**What you will do:**
Without the pictures, set down every record below exactly as it reads.

--- Information shown Enclosed Below ---

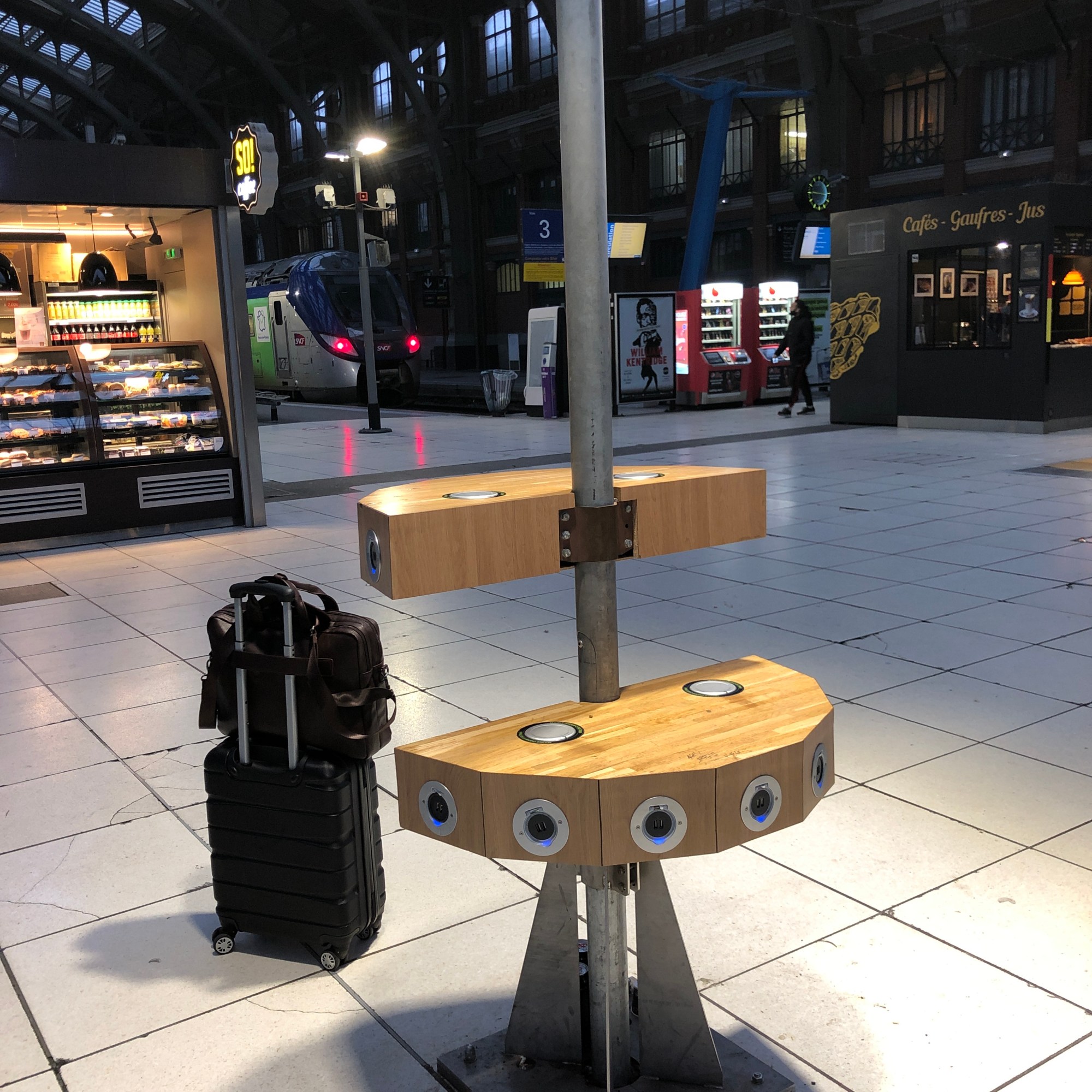 After meeting our friend, Laurent, for cocktails, we wished him a safe journey as he was going on a month-long meditation in India. We also made hot cocoa suiting the weather and delivered a few batches to frosted friends. It was cold this month. Then we jumped on a south bound train to Nantes. We noticed for the first time in the Lille Flandres train station a mobile counter for people to enjoy their coffee/beverage. We liked it!
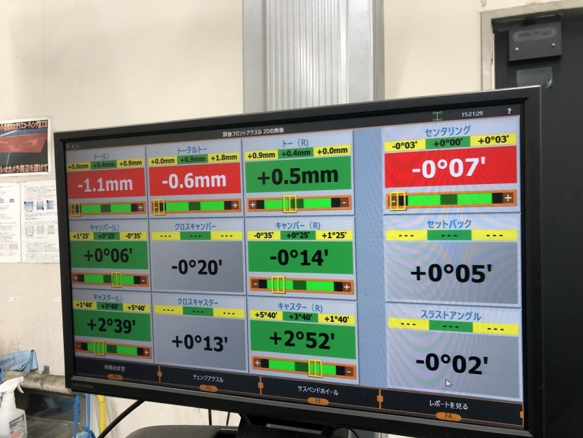 今回は基準値で調整をさせて頂きタイヤの片減りの抑制、
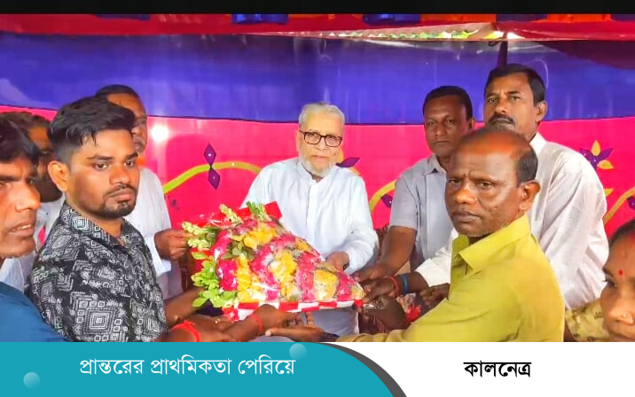 পূজা মণ্ডপে স্থানীয়রা তাঁকে উষ্ণ অভ্যর্থনা জানান।
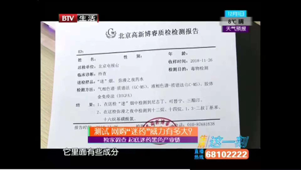 近日,北京电视台以题为《独家调查:起底迷药黑色产业链》曝光了一些买卖迷药的不法行为。记者为采访录制该视频报道,实地采访了北京高新博睿检测中心。并带着从网上购买的两瓶不同款迷药请高新博睿检测中心检测,结果发现,其中有假迷药。这让记者感到十分惊讶。
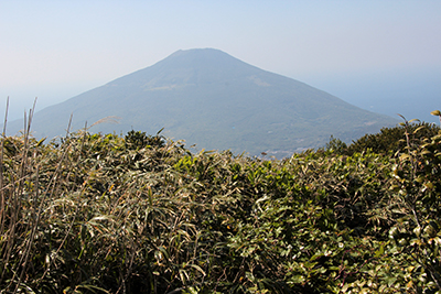 | 登山口付近から見た八丈富士 | 八丈富士への登りで見た三原山と八丈空港、 八重根漁港方面 |
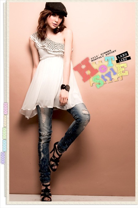 ระบายสองชั้นที่ไหล่สีขายดำ เป็นผ้าชีฟอง ช่วงตัวกระโปรงก้วาง ใส่กับยีนส์เปรี็ยวมากค่ะ ใส่เป็นเดรสก็สวยเซ็กซี่
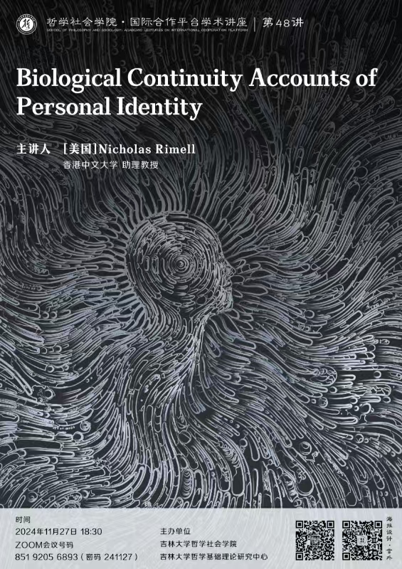 【极速飞艇 ·国际合作平台学术讲座 第48讲】Nicholas Rimell: Biological Continuity Accounts of Personal Identity
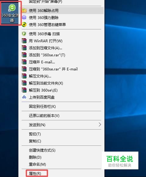 首先,我们在电脑上面找一个需要修改图标的软件,此处我们选择360安全浏览器,然后我们右击选择属性;
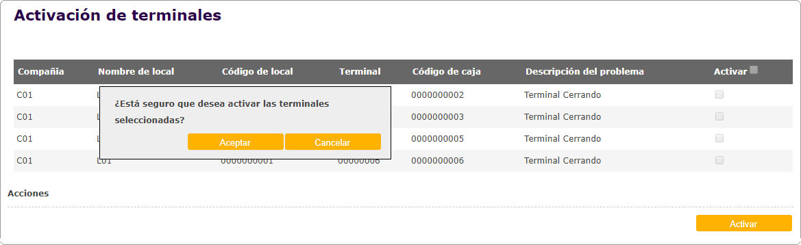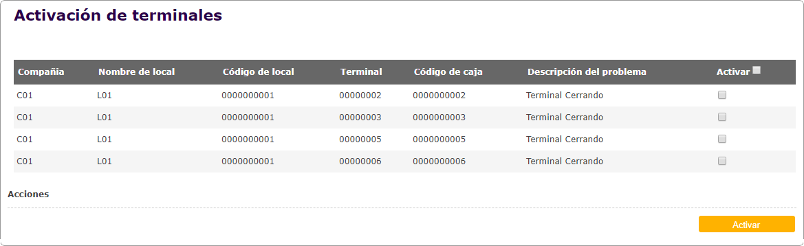 Agregado Activación de Terminales
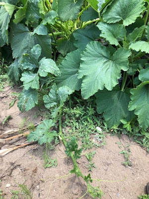 | こちらも白ズッキーニに似て葉は若干柔らかく、蔓で横広がりになる。 そして出来るのが細くて長めの実なので、用心しないと畝間を歩く時に潰してしまう。 |
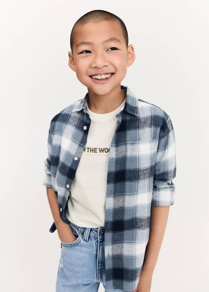 Colección Vuelta al cole. 100% Algodón. Cuello camisero. Manga larga abotonada. Bolsillo de parche. Cierre delantero con botones. Diseño recto
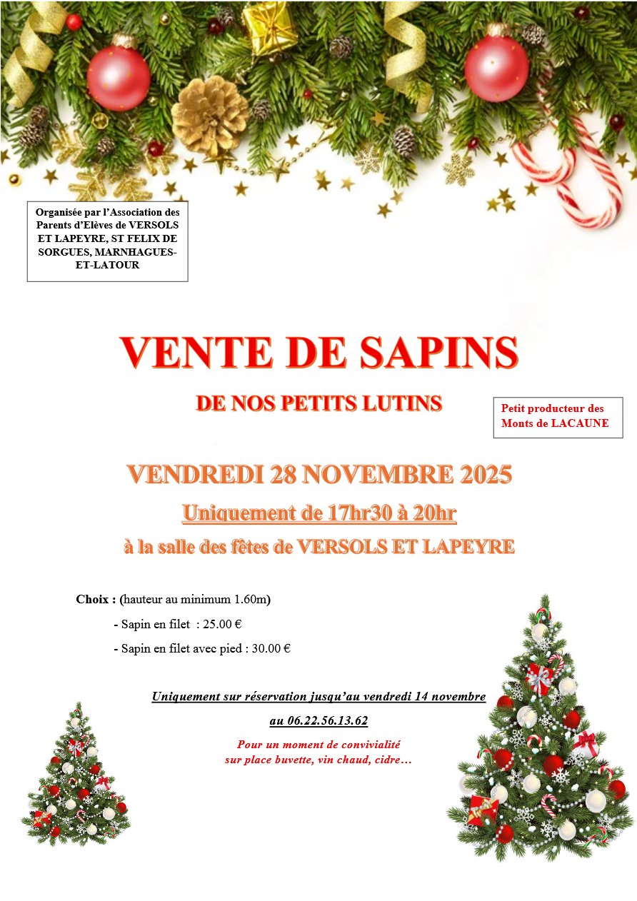 L'APE vous propose une vente de sapins de Noël le 28 novembre de 17h30 à 20 h à la salle des fêtes de Versols et Lapeyre.

--- End of Enclosed Information shown ---

**Task response:**
 After meeting our friend, Laurent, for cocktails, we wished him a safe journey as he was going on a month-long meditation in India. We also made hot cocoa suiting the weather and delivered a few batches to frosted friends. It was cold this month. Then we jumped on a south bound train to Nantes. We noticed for the first time in the Lille Flandres train station a mobile counter for people to enjoy their coffee/beverage. We liked it!
 今回は基準値で調整をさせて頂きタイヤの片減りの抑制、
 পূজা মণ্ডপে স্থানীয়রা তাঁকে উষ্ণ অভ্যর্থনা জানান।
 近日,北京电视台以题为《独家调查:起底迷药黑色产业链》曝光了一些买卖迷药的不法行为。记者为采访录制该视频报道,实地采访了北京高新博睿检测中心。并带着从网上购买的两瓶不同款迷药请高新博睿检测中心检测,结果发现,其中有假迷药。这让记者感到十分惊讶。
 | 登山口付近から見た八丈富士 | 八丈富士への登りで見た三原山と八丈空港、 八重根漁港方面 |
 ระบายสองชั้นที่ไหล่สีขายดำ เป็นผ้าชีฟอง ช่วงตัวกระโปรงก้วาง ใส่กับยีนส์เปรี็ยวมากค่ะ ใส่เป็นเดรสก็สวยเซ็กซี่
 【极速飞艇 ·国际合作平台学术讲座 第48讲】Nicholas Rimell: Biological Continuity Accounts of Personal Identity
 首先,我们在电脑上面找一个需要修改图标的软件,此处我们选择360安全浏览器,然后我们右击选择属性;
 Agregado Activación de Terminales
 | こちらも白ズッキーニに似て葉は若干柔らかく、蔓で横広がりになる。 そして出来るのが細くて長めの実なので、用心しないと畝間を歩く時に潰してしまう。 |
 Colección Vuelta al cole. 100% Algodón. Cuello camisero. Manga larga abotonada. Bolsillo de parche. Cierre delantero con botones. Diseño recto
 L'APE vous propose une vente de sapins de Noël le 28 novembre de 17h30 à 20 h à la salle des fêtes de Versols et Lapeyre.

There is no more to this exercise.